Verse 8
"Their horses also are swifter than leopards, and are more fierce than the evening wolves; and their horsemen press proudly on: yea, their horsemen come from far; they fly as an eagle that hasteth to devour. They come all of them for violence; the set of their faces is forwards; and they gather captives as the sand."
A careful reading of these verses shows no evidence whatever of their being any such thing as an eye-witness account of what the prophet had already seen in the past. The feature of these verses is their quality of mystery and enigma. Habakkuk was not describing a conquest he had witnessed, but was reporting an inspired vision from God, as the first verse of the prophecy stated. As Watts truly discerned, "The description is more stereotyped than historical."[19] It is similar to the prophetic picture of the advance of God's armies in Isaiah (Isaiah 5:26-30), and Jeremiah (Jeremiah 4:13). The message behind the lines is that the finger of the Almighty is moving in history. The Second head of the Scarlet Sea Beast will be succeeded by the Third.

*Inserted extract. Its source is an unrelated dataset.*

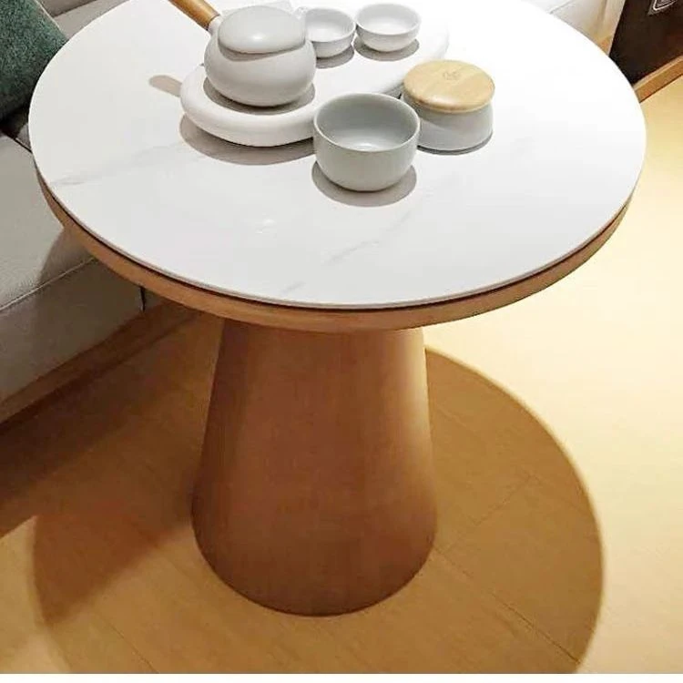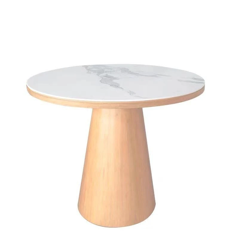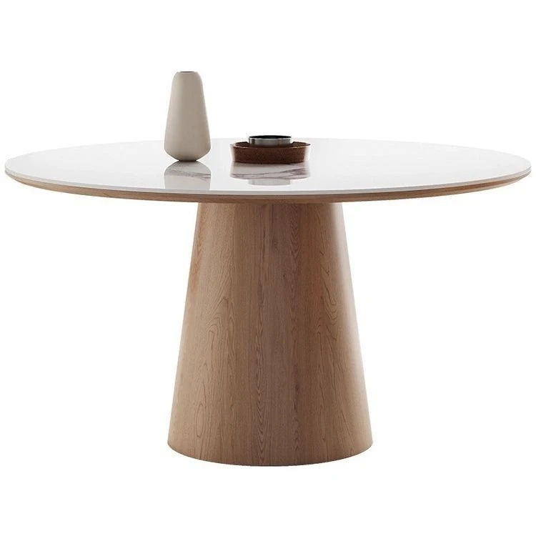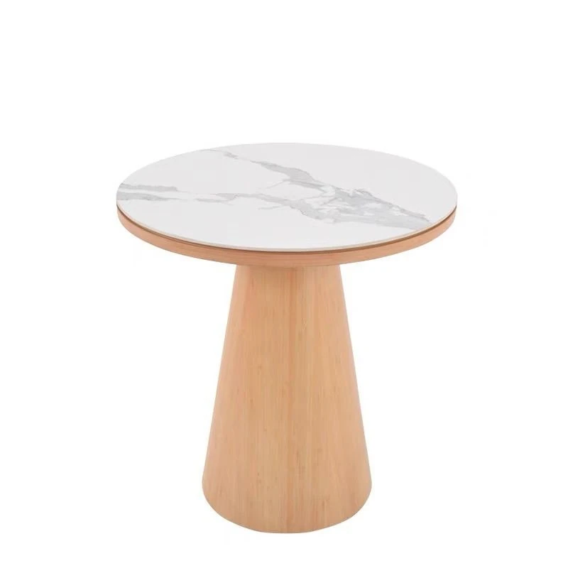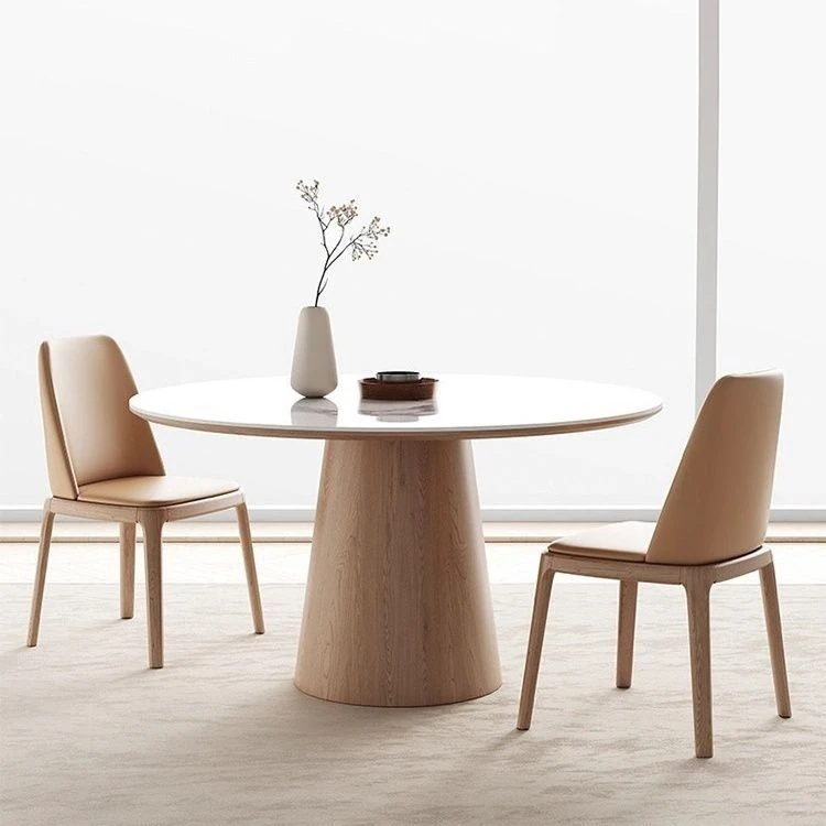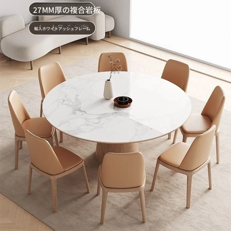 シンプルでスタイリッシュな無垢材ダイニングテーブルセット - 小さなスペースにぴったりな北欧デザインの円形テーブル。伸縮可能な機能で、家族や友人との楽しい食事を演出します!

In the character of Assyria, Habakkuk could have read that of Babylon, both of them being, in essence, the same entity. Nevertheless, that entity is controlled and directed from heaven. "The crisis that God will resolve is related to the events of history, but it is much deeper than anything that history alone can record."[20]
The specifics here, the effective use of cavalry (the military equivalent of tanks in those ages), the pressing relentlessly forward for attack, the swiftness and suddenness of attack, and the gathering of innumerable captives - such specifics do not describe any particular siege, but all sieges, all of those things being inherent in the prophecy that the Chaldeans would destroy Judea.
"The set of their faces is forwards ..." This version (ASV) is far preferable to some of the translations which have been proposed for this difficult verse. One manuscript makes it read, "The set of their faces eastward"; but as Taylor aptly suggested, someone probably "altered a passage to make a reference to the Greeks."[21]